O ano da graça de 2022 apresentou-nos Wolf Manhattan, produtor musical de culto que, nas décadas de 70 e 80, viveu no primeiro andar de uma loja de bairro, bem no centro de Nova Iorque, sustentado por um McJob qualquer. Colhendo inspiração na vasta colecção de discos do tio, Wolf resolveu pegar numa decrépita guitarra dos anos 50 e num gravador de 4 pistas para gravar alguns temas. Resultado? Um disco homónimo com 13 canções originais para espantar a solidão.
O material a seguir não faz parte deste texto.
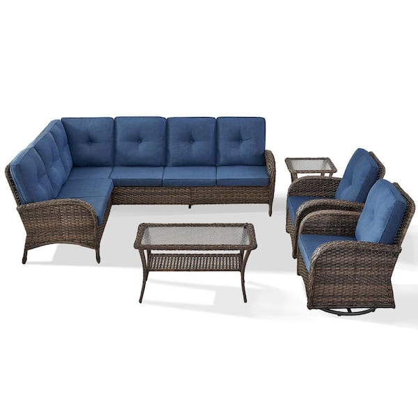Brown 5-Piece Wicker Patio Conversation Sectional Seating Set with Navy Blue Cushions and Swivel Rockers
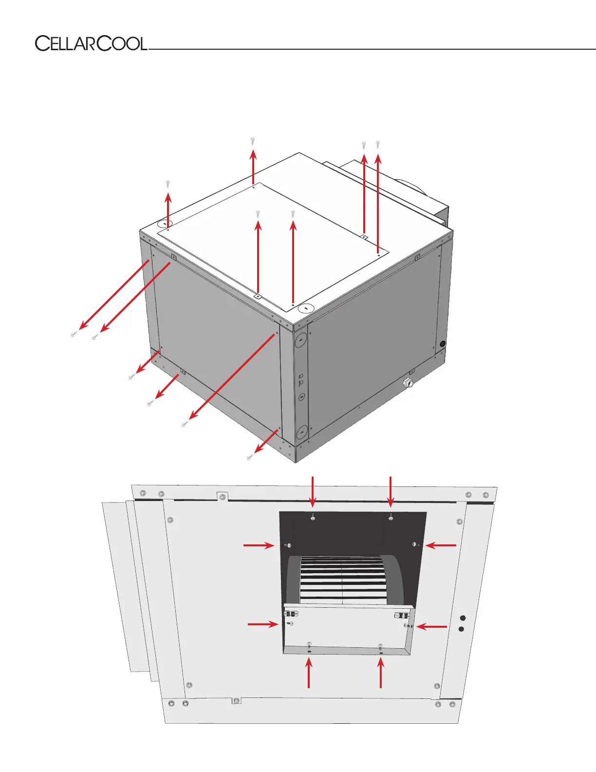 2. To reorient the blower, rst remove the access panels on the rear and top of the unit.
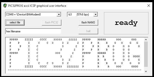 you need to ensure that nothing (apart from the 1455 or nano) is attached to the PGC and PGD pins of the pic32. this may, for instance, involve unplugging any attached LCD display. in case the pic32MX is 'stuck' in a corrupted state, which i have had happen on occasion, you can do a 'forced erase' using: pic32prog -d ascii:com8 -b8 or -b9 for MZ pic32's. it looks like the file repository, where p32p_gui lived, is no longer there. but grogster may still have a copy on his website. although i don't remember if it has any option to select -8 or -9 to do a forced erase. cheers, rob :-) Edited 2023-06-08 22:01 by robert.rozee |
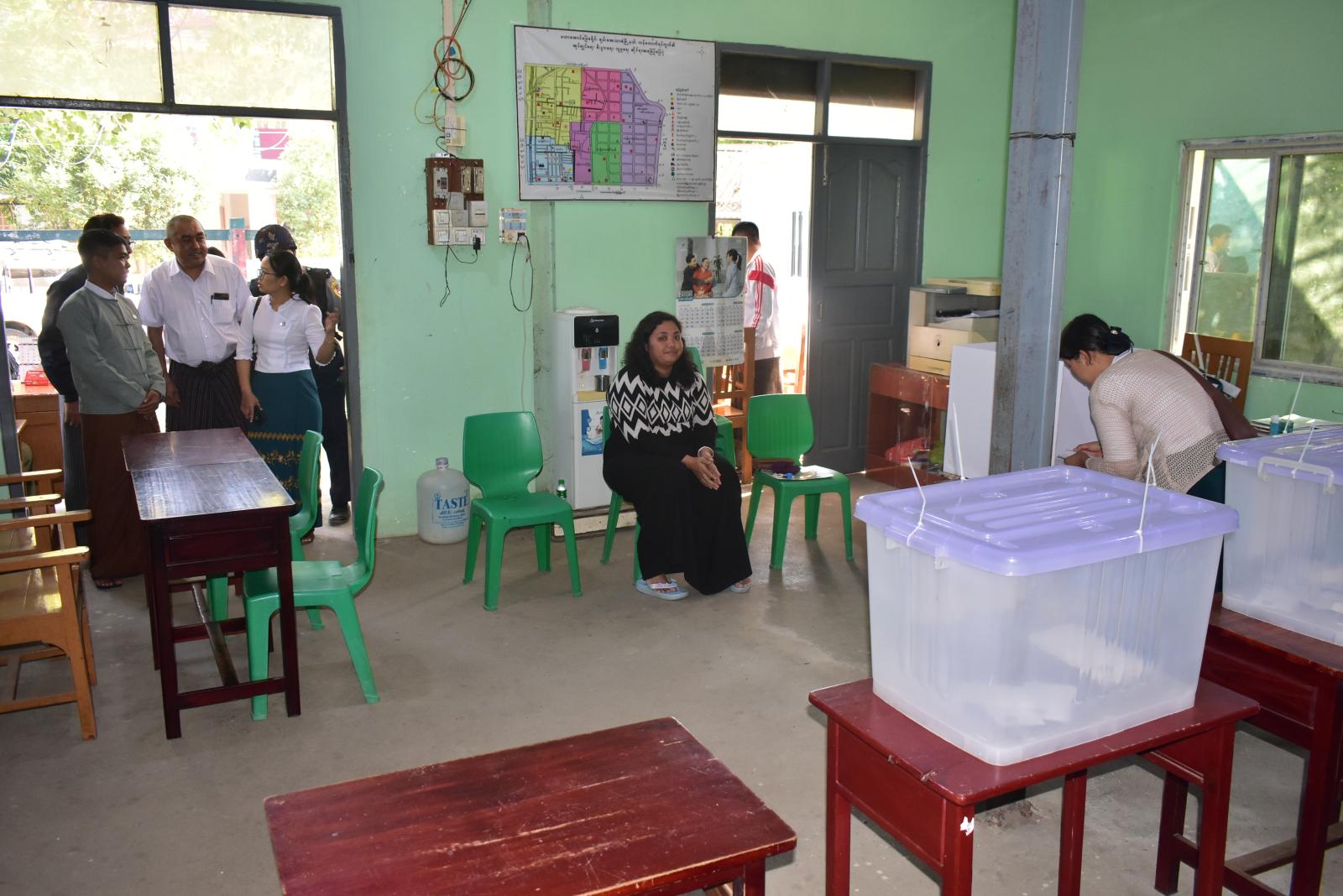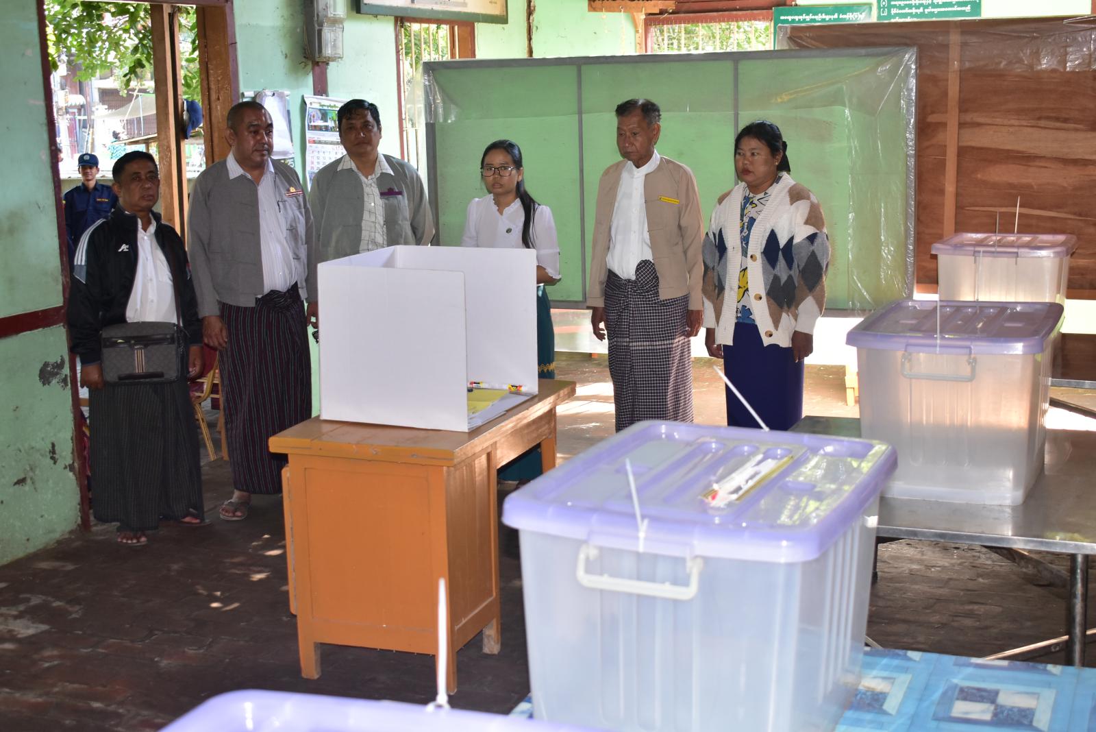 ချမ်းအေးသာစံမြို့နယ်အတွင်းရှိ မဲရုံများ၌ ကြိုတင်ဆန္ဒမဲပေးနေမှုများအား သက်ဆိုင်ရာတာဝန်ရှိသူများက လိုက်လံကြည့်ရှု
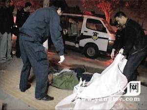 民警正在打包尸體。曹盧杰攝(圖片來源:揚子晚報)
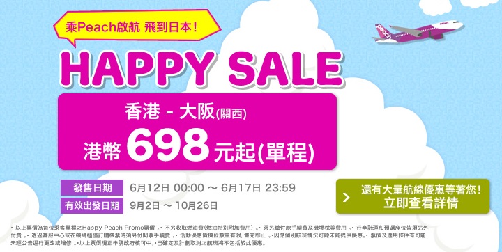 廉航樂桃將會係今晚12點(6月12日0:00)再度推出優惠,同上次優惠基本上一樣
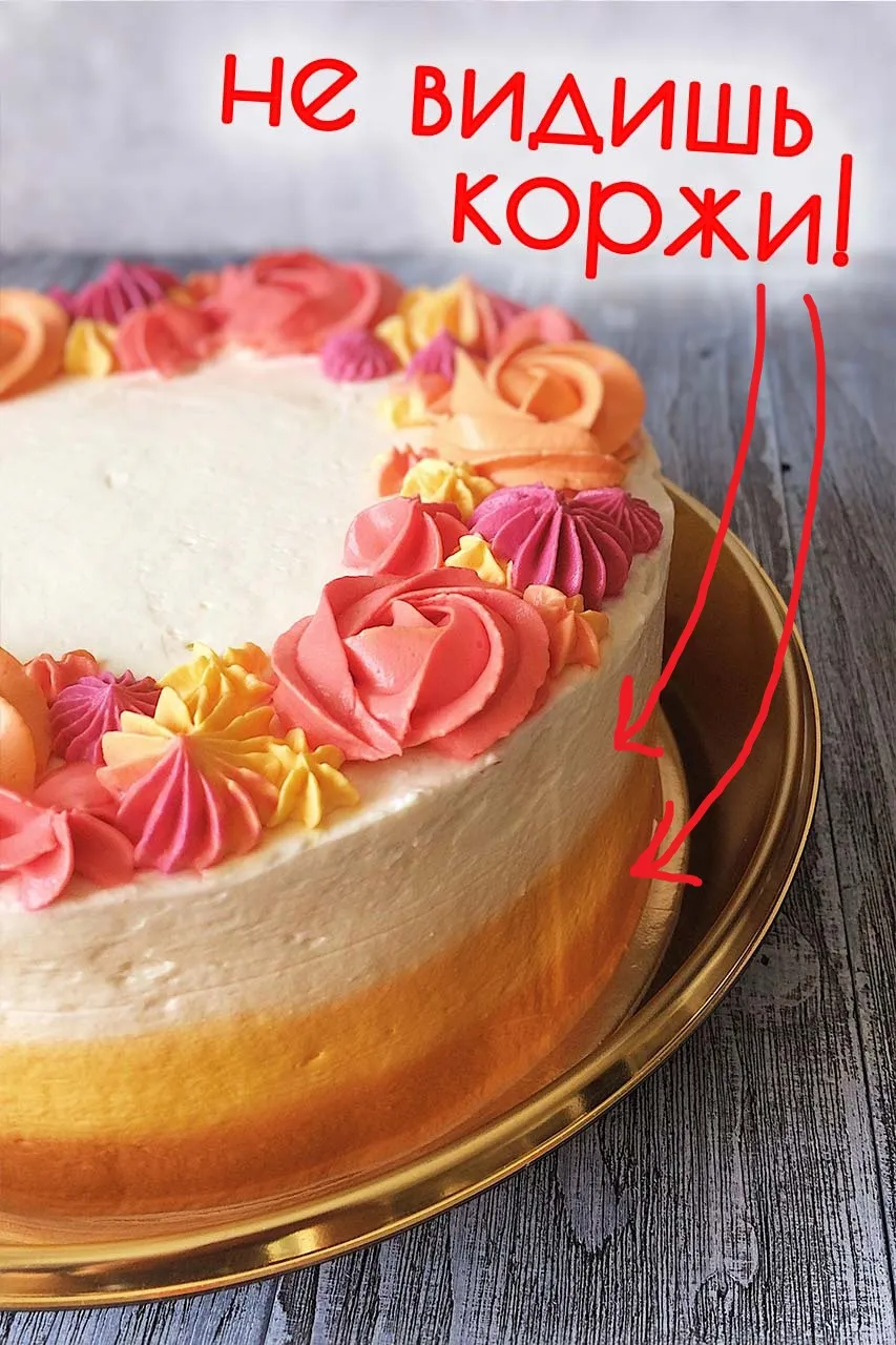 Смотри — без спец.инструментов и больших навыков, у нас получился практически идеальный торт — ровные бисквиты, начинка и прямые бока. Тяжелые украшения на него лучше не ставить — начинка может выдавиться.
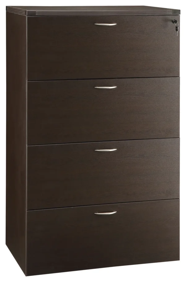 The lateral file cabinet features a practical design with modern styling, making it a perfect fit for any home office or professional workspace. It supports both legal and letter-size files and is available in a variety of vibrant finishes—Espresso shown. Built for durability and backed by a 5-year manufacturer’s warranty for added peace of mind.

Aqui entre nós, que ninguém nos ouve, Wolf Manhattan é uma ficção criada pelo músico João Vieira, que conhecemos de projectos como os X-Wife, White Haus e Dj Kitten. Fast forward para 15 de Abril de 2024, o dia em que Vieira oferece um segundo capítulo à discografia do lobo: “Real Life is Overrated” (João Vieira, 2024). Tal como o álbum de estreia, é composto por 13 temas. Vamos olhar para cada um deles com atenção:
Consequences: «Rádio Wolf Manhattan em acção», ouvimos. Estamos à beira-mar, com areia entre os dedos, a ouvir este tema construído com apenas alguns acordes acústicos — uma canção de travo nostálgico, bem servida pelo timbre particular do vocalista. Essa é que é essa: as consequências das nossas acções são, por vezes, monstros.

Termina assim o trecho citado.